Exactly the lines from the beginning of the listing below through the line that contains "陽光下,霧氣散,空氣中彌漫著" should be transcribed, and pictures must stay out.

Data excerpts >>
================================

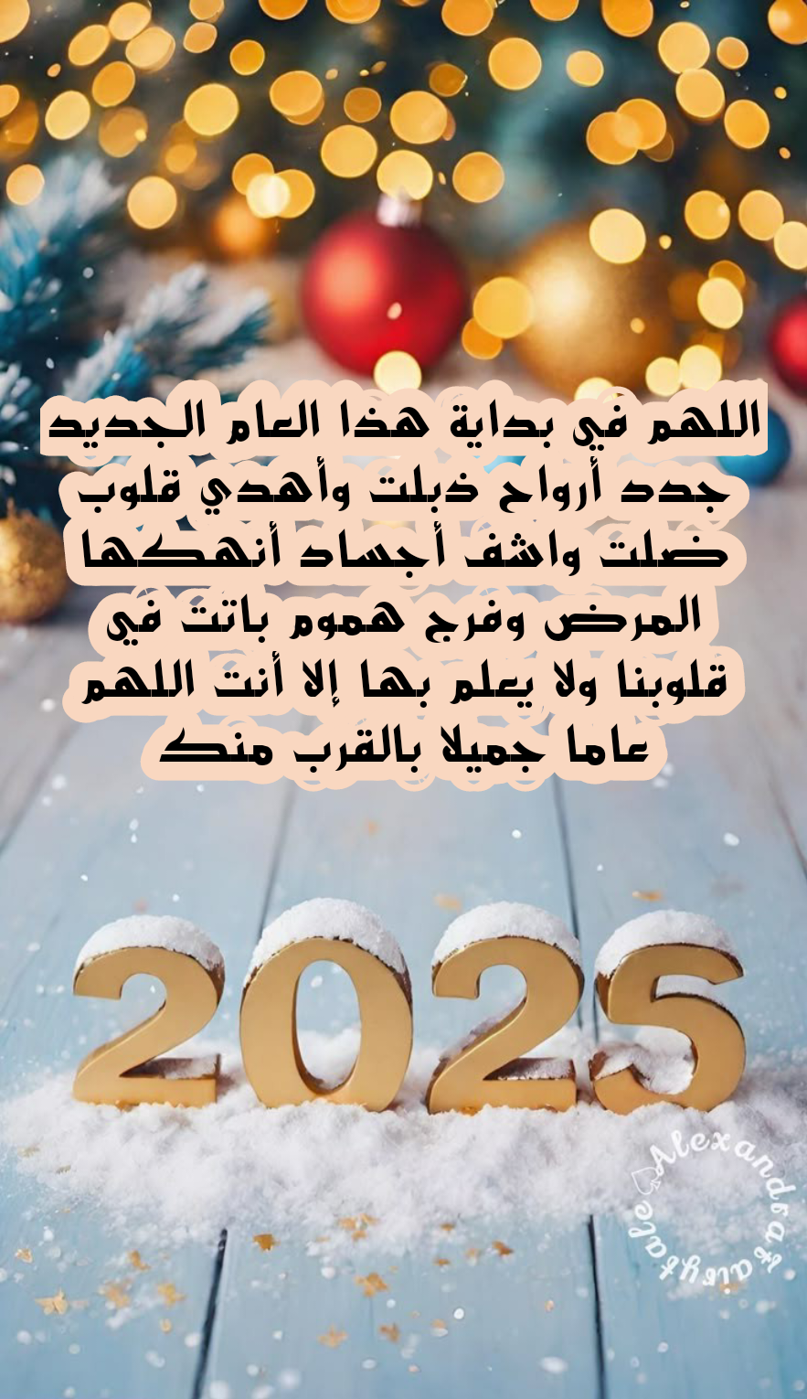 - يا الله… يا عالم الغيب والشهادة هذه سنة جديدة أقبلت بأمرك يا من تقول للشيء كن فيكون أسألك أن تكون سنة خير وفرح وسعادة وأن تبعد عني وعن أحبتي كل هم وحزن وبلاء واجعلها سنة مليئة بالصحة والعافية.
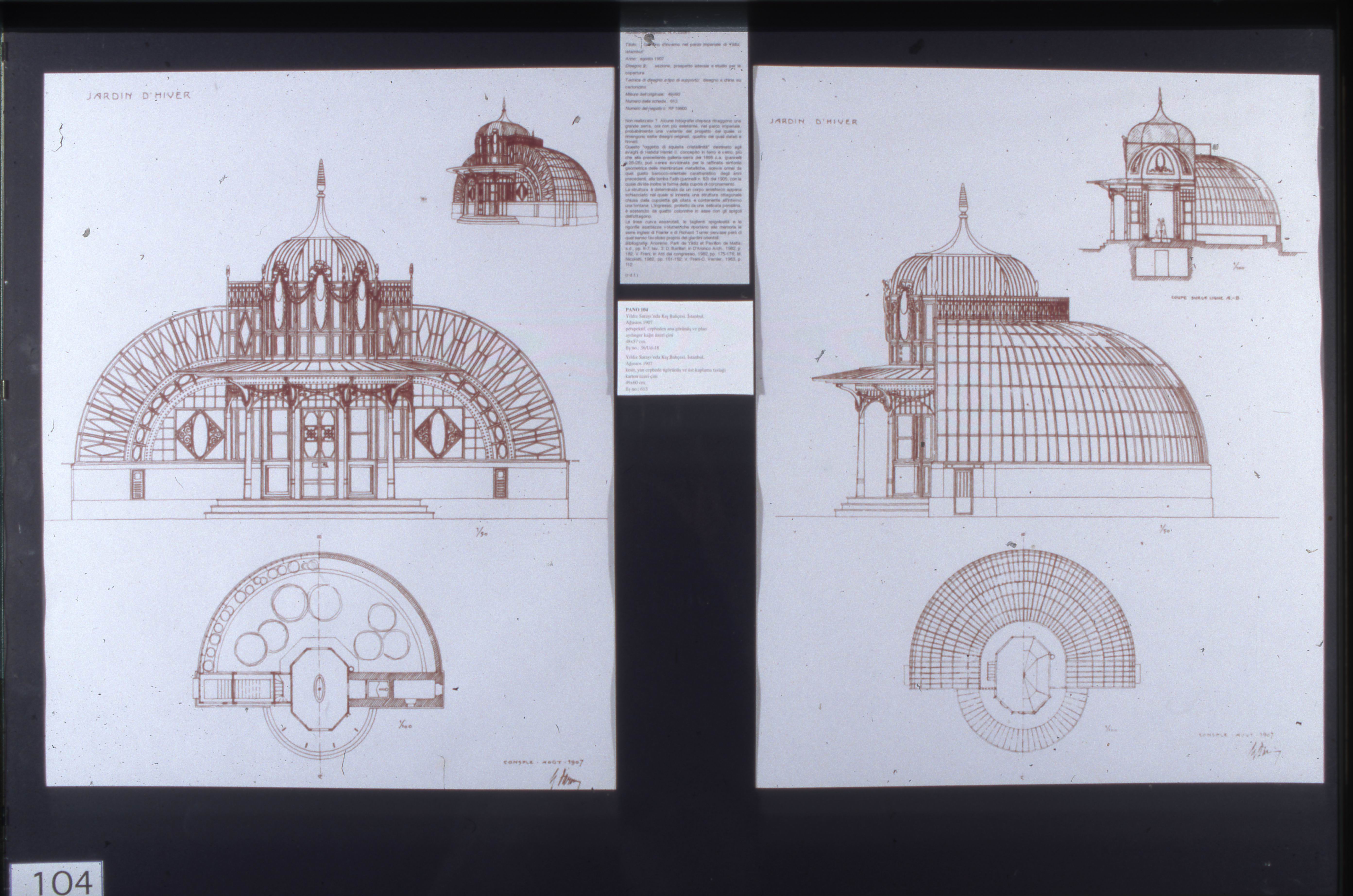 Facade views and plans of the Yıldız Palace winter garden drawn by Raimondo D'Aronco
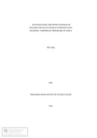 Hong Kong Institute of EducationInvestigating the effectiveness of English for occupational purpose (EOP) training : corporate programs in China /
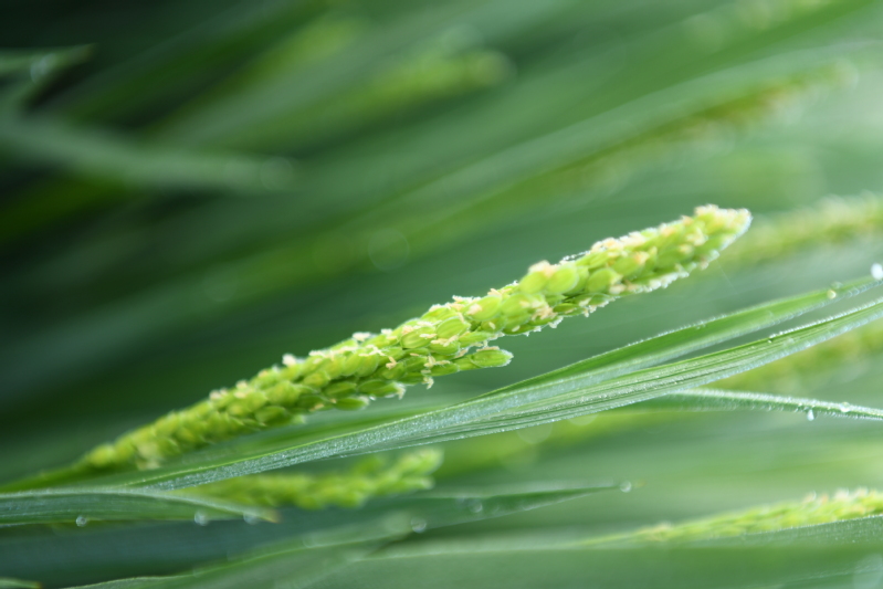 陽光下,霧氣散,空氣中彌漫著清新的稻花香。俯瞰蔥綠的稻田,如一條條綠絲帶整齊排列。晶瑩的晨露凝結(jié)在青翠的秧苗上,猶如給稻田蒙上了一層剔透的面紗。剛抽出的稻穗上,有白色的稻花點(diǎn)點(diǎn),隨著稻穗一起隨風(fēng)輕舞飛揚(yáng)。小蜘蛛也趕來湊個(gè)熱鬧,在枝葉上織起了“秋的毛衣”。
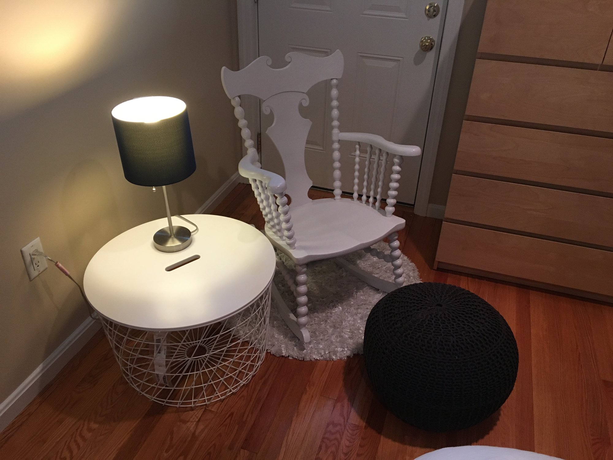 We still haven't given away/sold the furniture in the guest room that is going to be the nursery, but we've started buying some items and storing them in the closet for now. My father just finished fixing up and repainting this rocking chair that my great-grandfather built. I was bored today, so I set up everything for what i was thinking the rocking/nursing/pumping area might be once the room is finished, to see what it would actually look like. The side table is from Ikea and was a bit shorter and wider than it looked like online, but i think it would actually work out, especially if i make it the "pumping station" - plenty of space to put everything! Also, the top comes off, so we can use the basket for storing toys, blankets, etc...
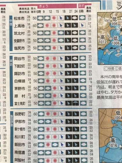朝食後の報告会で民泊先からの緊急連絡は無く全員無事に2日目を迎えてます。と報告が有りました。写真は本日の宿泊先の、よしの亭、地元の信濃毎日新聞の飯田市の天気予報、川の写真は天竜川でラフティングのゴール地点になります。しなの亭の真下です。

================================

Solution for this task >>
 - يا الله… يا عالم الغيب والشهادة هذه سنة جديدة أقبلت بأمرك يا من تقول للشيء كن فيكون أسألك أن تكون سنة خير وفرح وسعادة وأن تبعد عني وعن أحبتي كل هم وحزن وبلاء واجعلها سنة مليئة بالصحة والعافية.
 Facade views and plans of the Yıldız Palace winter garden drawn by Raimondo D'Aronco
 Hong Kong Institute of EducationInvestigating the effectiveness of English for occupational purpose (EOP) training : corporate programs in China /
 陽光下,霧氣散,空氣中彌漫著清新的稻花香。俯瞰蔥綠的稻田,如一條條綠絲帶整齊排列。晶瑩的晨露凝結(jié)在青翠的秧苗上,猶如給稻田蒙上了一層剔透的面紗。剛抽出的稻穗上,有白色的稻花點(diǎn)點(diǎn),隨著稻穗一起隨風(fēng)輕舞飛揚(yáng)。小蜘蛛也趕來湊個(gè)熱鬧,在枝葉上織起了“秋的毛衣”。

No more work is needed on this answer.